Supplied information:

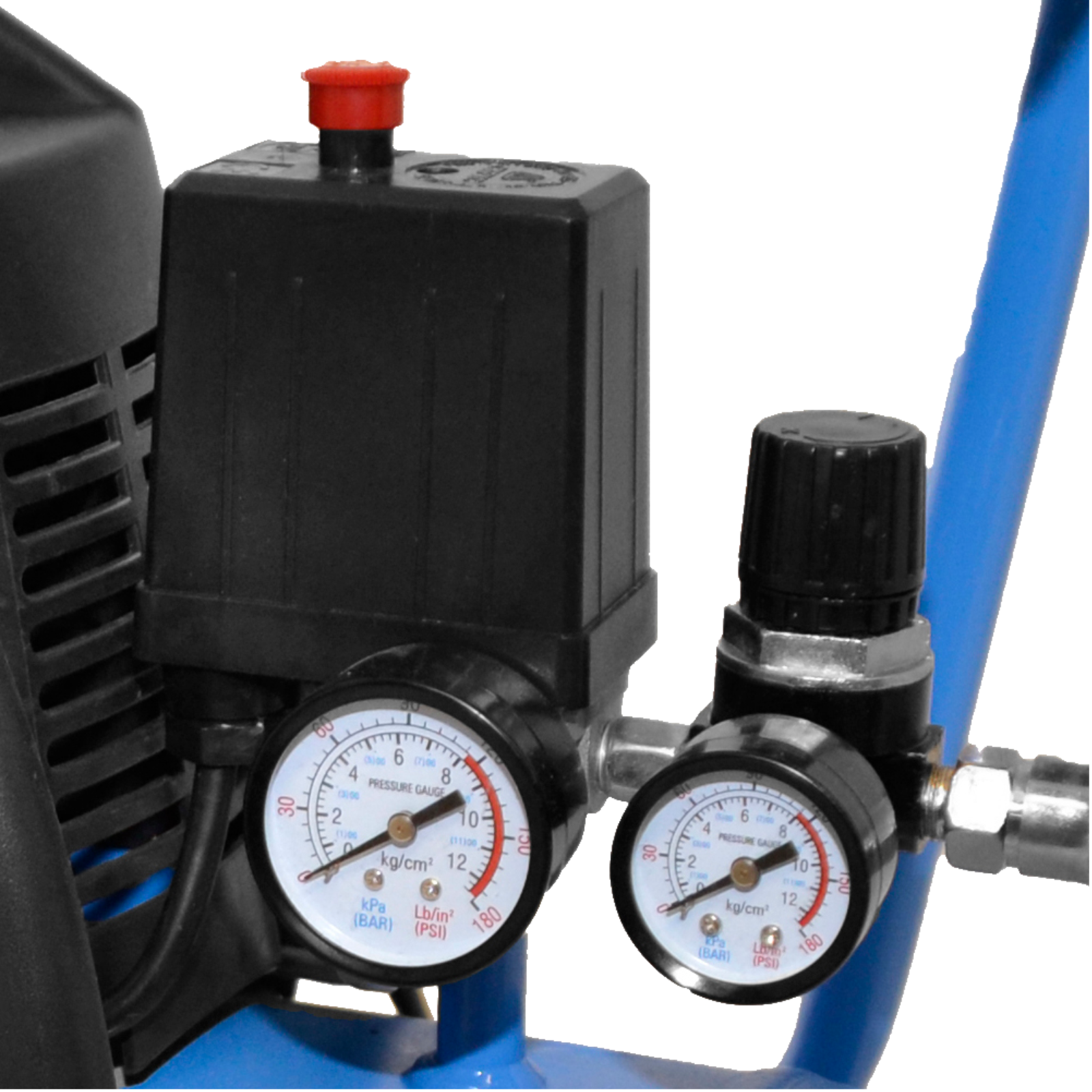 Preiswerter und kompakter Kompressor für den privaten Anwender.Kein Wartungsaufwand und saubere Druckluft durch ölfrei Bauform.24 L Kessel mit Räder und integriertem Fahrbügel. Komplett mit Druckschalter, Manometer und Druckminderer.Technische Daten:Ansaugleistung 140 l/minHöchstdruck 8 BarMotor 1,1 KW/ 1,5 PS 230 VoltKesselinhalt 24 LEigengewicht nur 22 Kg
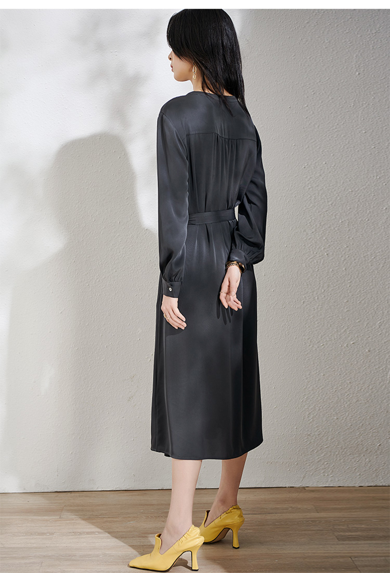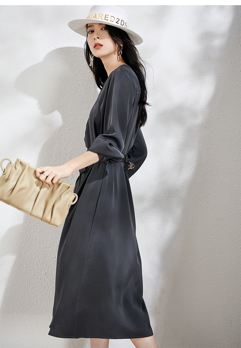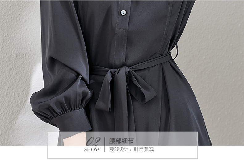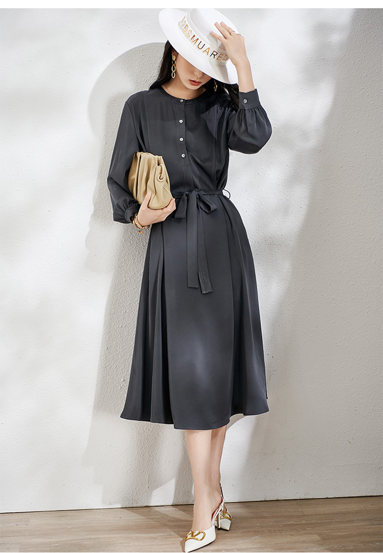 芳外春季新款时尚气质通勤中长裙宽松收腰长袖圆领连衣裙1531
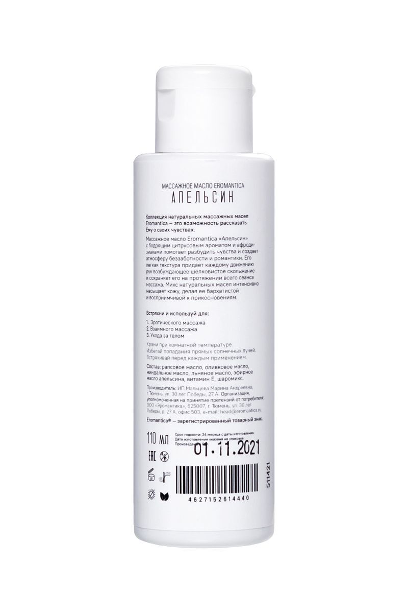 Коллекция натуральных массажных масел Eromantica — это возможность рассказать Ему о своих чувствах. Массажное масло Eromantica «Апельсин» с бодрящим цитрусовым ароматом помогает разбудить чувства и создает атмосферу беззаботности и романтики. Его легкая текстура придает каждому движению рук возбуждающее шелковистое скольжение и сохраняет его на протяжении всего сеанса массажа. Микс натуральных масел оливы, миндаля и семян льна интенсивно насыщает кожу жирными кислотами, витаминами и микроэлементами, делая ее бархатистой и восприимчивой к прикосновениям. Встряхни и используй для: - Эротического массажа: согрей масло в ладонях и распредели его по телу партнера плавными массажными движениями. Особое внимание уделяй эрогенным зонам. - Тонизирующего массажа: нанеси масло на нужный участок тела и разогрей кожу интенсивными движениями. Затем проработай мышцы, сжимая их пальцами рук. - Ухода за телом: нанеси сразу после душа на влажную кожу и равномерно распредели по телу. Храни при комнатной температуре. Избегай попадания прямых солнечных лучей. Встряхивай перед каждым применением.
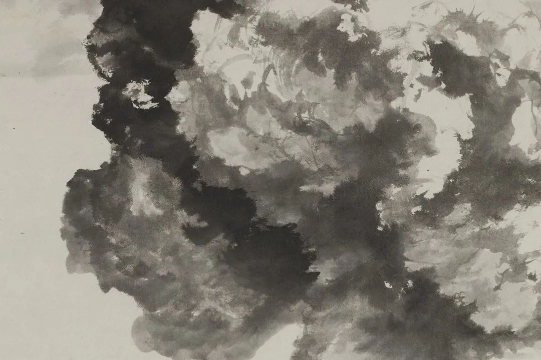 蘑菇云的暗部以大块的水墨点厾烘染而成

Exercise brief:
Could you return the whole listing exactly, images excluded?

Reply to the task:
 Preiswerter und kompakter Kompressor für den privaten Anwender.Kein Wartungsaufwand und saubere Druckluft durch ölfrei Bauform.24 L Kessel mit Räder und integriertem Fahrbügel. Komplett mit Druckschalter, Manometer und Druckminderer.Technische Daten:Ansaugleistung 140 l/minHöchstdruck 8 BarMotor 1,1 KW/ 1,5 PS 230 VoltKesselinhalt 24 LEigengewicht nur 22 Kg
 芳外春季新款时尚气质通勤中长裙宽松收腰长袖圆领连衣裙1531
 Коллекция натуральных массажных масел Eromantica — это возможность рассказать Ему о своих чувствах. Массажное масло Eromantica «Апельсин» с бодрящим цитрусовым ароматом помогает разбудить чувства и создает атмосферу беззаботности и романтики. Его легкая текстура придает каждому движению рук возбуждающее шелковистое скольжение и сохраняет его на протяжении всего сеанса массажа. Микс натуральных масел оливы, миндаля и семян льна интенсивно насыщает кожу жирными кислотами, витаминами и микроэлементами, делая ее бархатистой и восприимчивой к прикосновениям. Встряхни и используй для: - Эротического массажа: согрей масло в ладонях и распредели его по телу партнера плавными массажными движениями. Особое внимание уделяй эрогенным зонам. - Тонизирующего массажа: нанеси масло на нужный участок тела и разогрей кожу интенсивными движениями. Затем проработай мышцы, сжимая их пальцами рук. - Ухода за телом: нанеси сразу после душа на влажную кожу и равномерно распредели по телу. Храни при комнатной температуре. Избегай попадания прямых солнечных лучей. Встряхивай перед каждым применением.
 蘑菇云的暗部以大块的水墨点厾烘染而成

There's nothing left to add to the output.